При этих словах Владимир Ильич неожиданно помрачнел.
– Да-с, Александр Васильевич, – сказал он, – как жаль, что вы не явились к нам восемнадцать лет назад. Тогда бы мой старший брат, скорее всего, остался бы жив. Вчера сама Вдовствующая императрица сказала мне, что в его деле, несомненно, наличествовала провокация полиции. А я ведь помню, что тем делом занимался лично господин Дурново.
– Разумеется, смерть Александра Ильича и его товарищей не принесла никому пользы, – ответил я. – Насчет провокации – не знаю, в том следствии я не участвовал. Но, скорее всего, Мария Федоровна знала что говорила. Что же касается господина Дурново, то тогда он действовал в меру своего разумения и согласно общепринятым понятиям. К тому же, здесь немало потрудился тогдашний министр внутренних дел граф Толстой. Что же касается господина Дурново, то сегодня он нужен нам для того, чтобы не произошло более тяжкое преступление – война между Россией и Германией. Если вы действительно хотите добра русскому народу, то ради этой цели должны простить Петру Николаевичу смерть своего брата.

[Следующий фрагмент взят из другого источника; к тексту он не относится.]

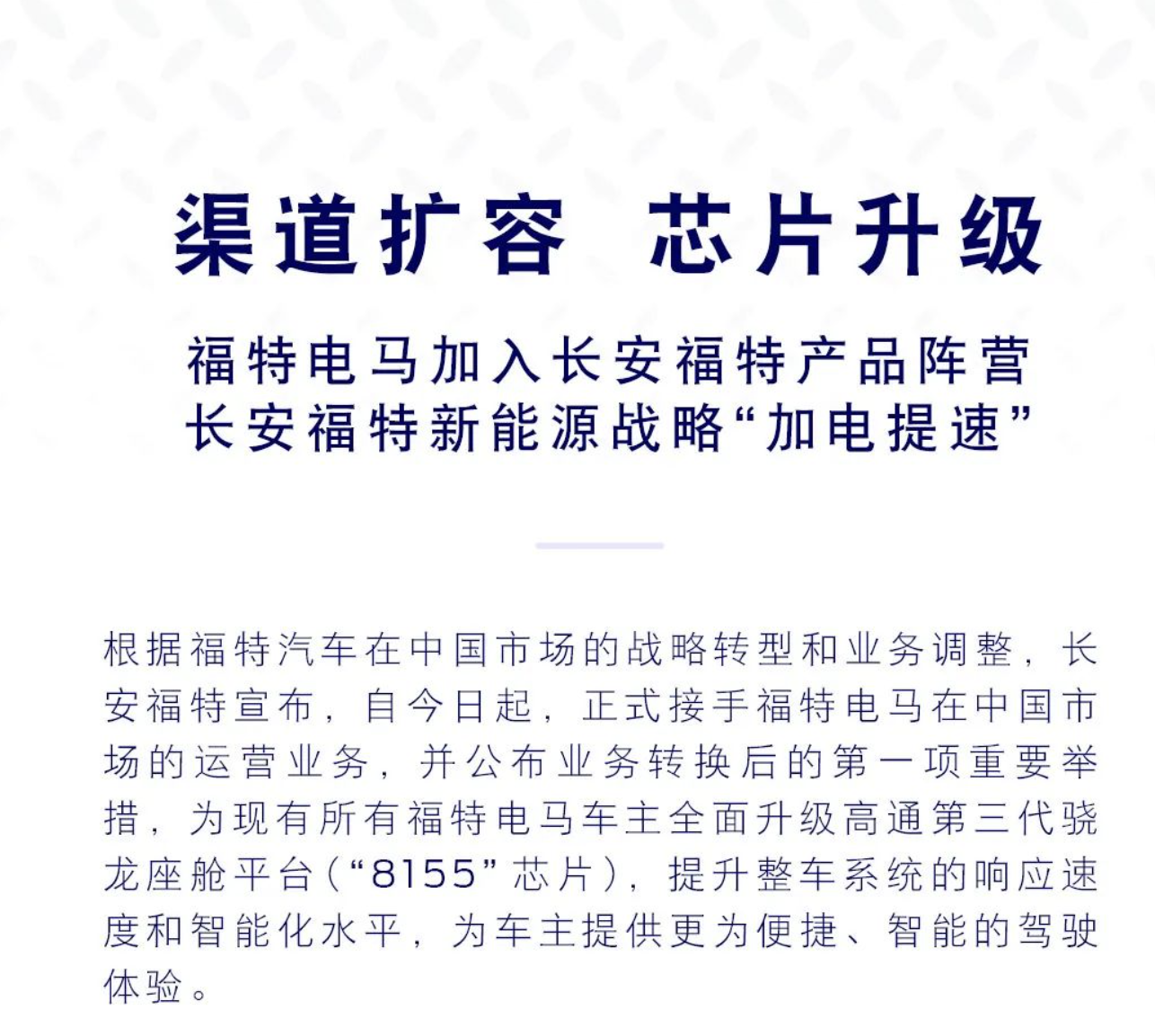 8月1日,长安福特发布公告称,将正式接手福特电马的中国业务,并公布了业务转换后的第一项重要举措。即,为现有所有福特电马车主全面升级高通第三代骁龙座舱平台(“8155”芯片),提升整车系统的响应速度和智能化水平。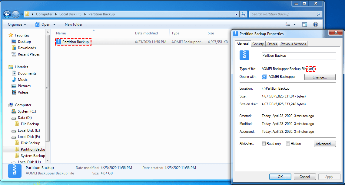 4. After backup is completed, it generates an xxx.adi backup image file in the destination. After completing the partition/volume backup, you can easily restore your partition/volume in the event of a partition/volume crash. For more details about restore steps, please access Partition/Volume Restore.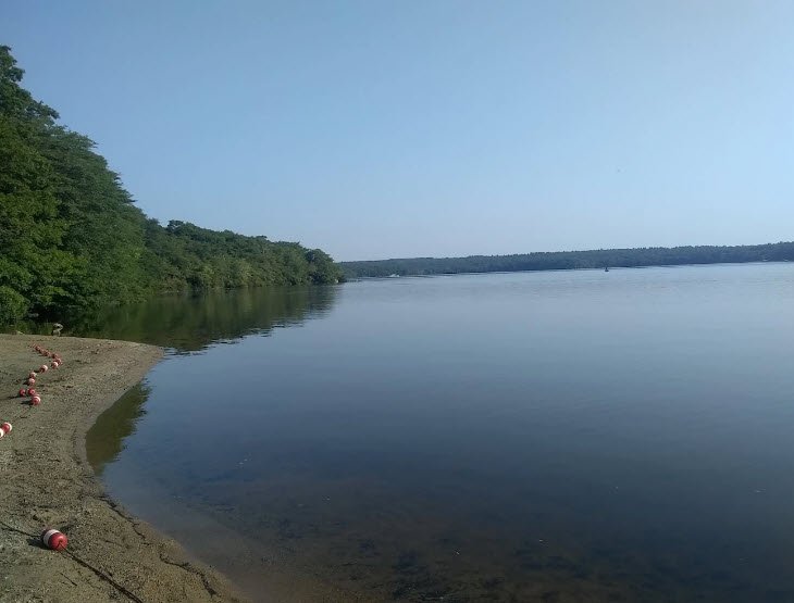 Burlingame State Park spans 3,100 acres in Charlestown, Rhode Island, centered around Watchaug Pond, one of the state's largest freshwater bodies.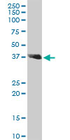 Lane 1: SPARC transfected lysate(34.6 KDa).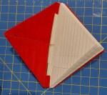I covered the pasteboard cover with red velvet. In doing so, I folded each side in to the wrong side about an inch, down to the corners of the cover. The four corners of the created rectangle fold down over the sides of the cover. This put folded edges close together to be sewn snug onto the pasteboard. I did this from memory of the book as it is pack away. After completion, I found these folds overlap on the original rather than come together. While this does give more complete coverage, it also creates more bulk, which my mimic lacks.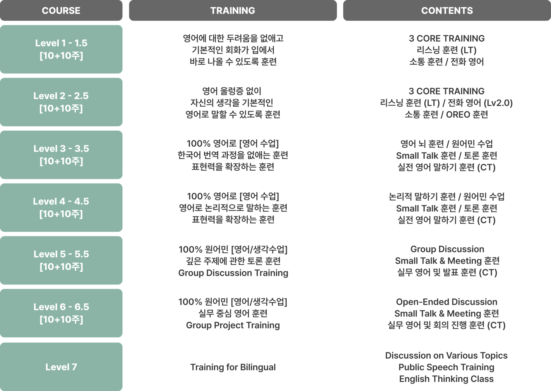 *모든 수업은 주1회 진행되며, 클래스별 선생님이 상이합니다.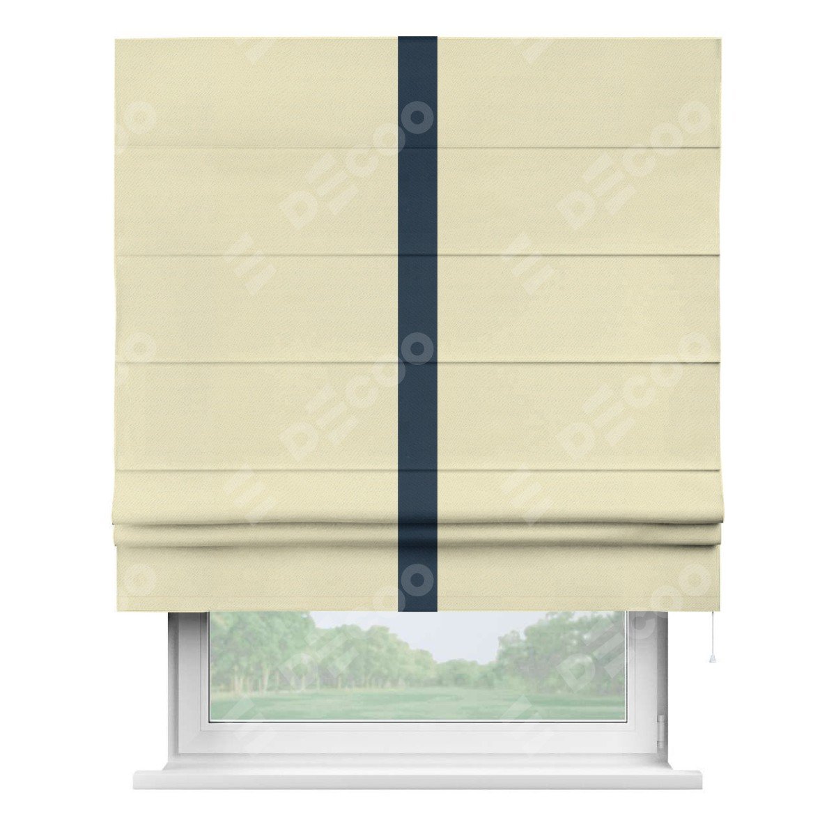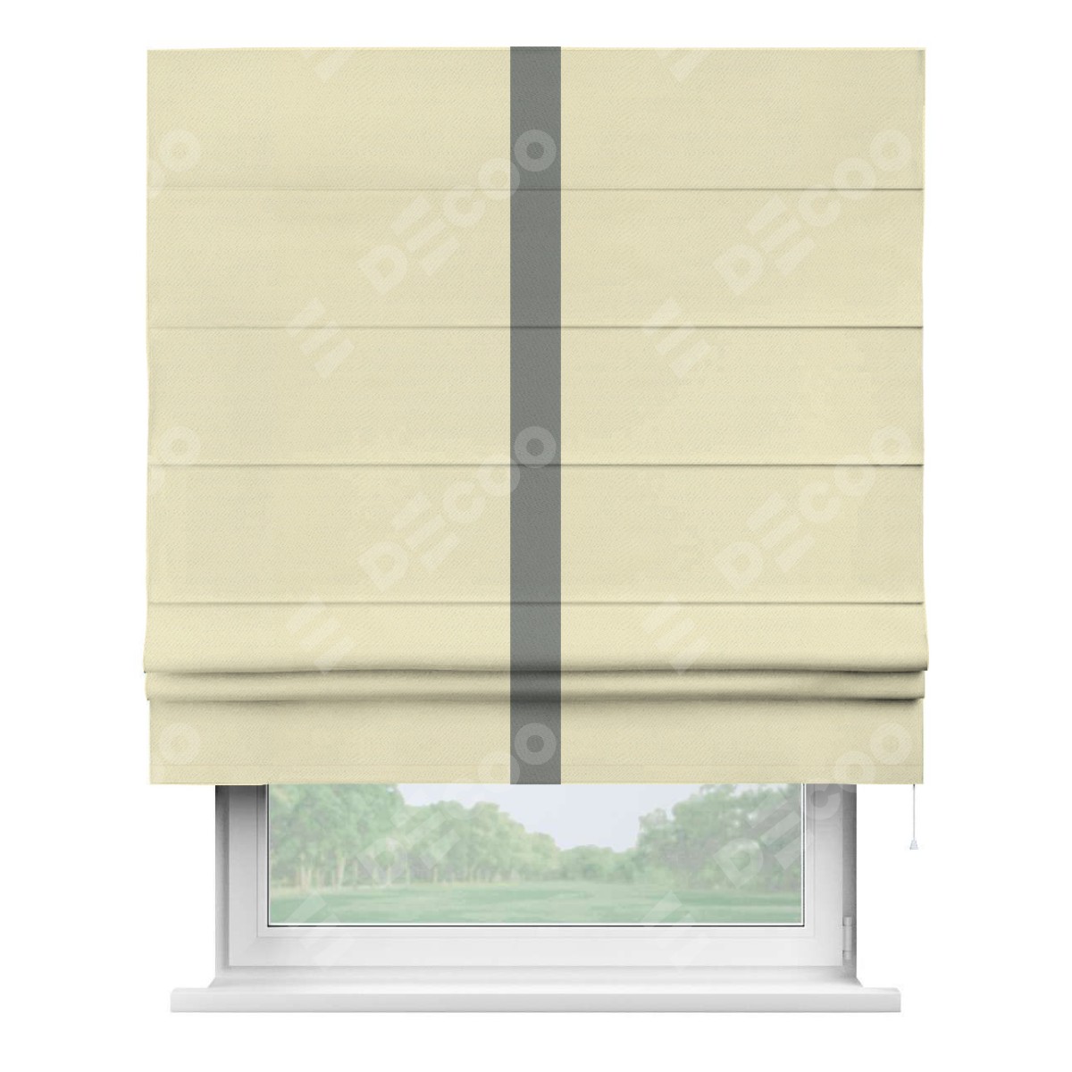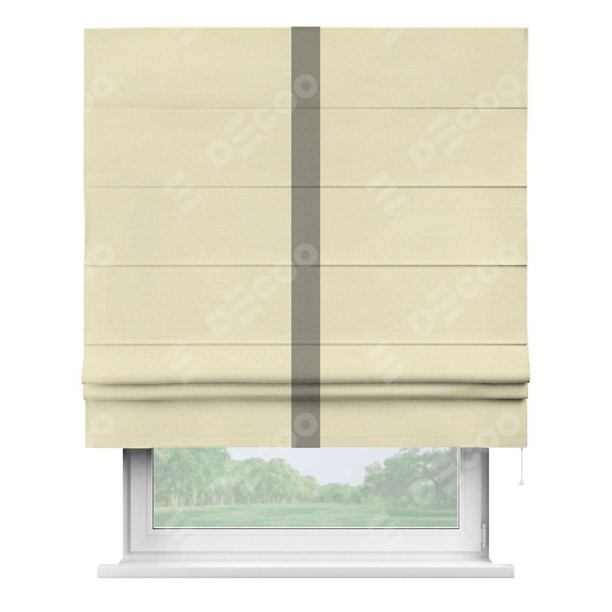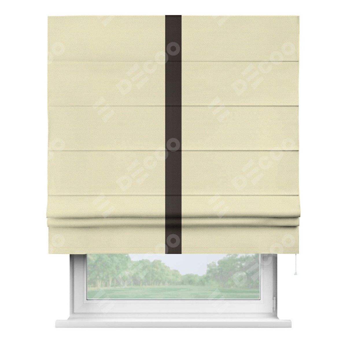 Римская штора производителя «Cortin», используется для проёма, пошита из ткани блэкаут однотонный бежевый, артикул ткани 88283. Отделка шторы кантом «Хайвей», ткань для канта используется из блэкаута однотонного разной расцветки на выбор. Имеет универсальный механизм и подходит для монтажа: на потолок, на стену и в нишу.

– Даже так? – сказал Ильич. – Ну что ж, если кровопролитие, которое вы собираетесь предотвратить с помощью господина Дурново, как я понимаю, вполне реально…
– Более чем реально, – сказал я, – да и, как вы правильно заметили, изменить уже содеянное мы не можем. Можно лишь помочь человеку искупить старый грех, пусть он об этом даже и не подозревает.
– Занятно, – с иронией произнес Ильич. – Александр Васильевич, а у вас голова по утрам не кружится от такого могущества?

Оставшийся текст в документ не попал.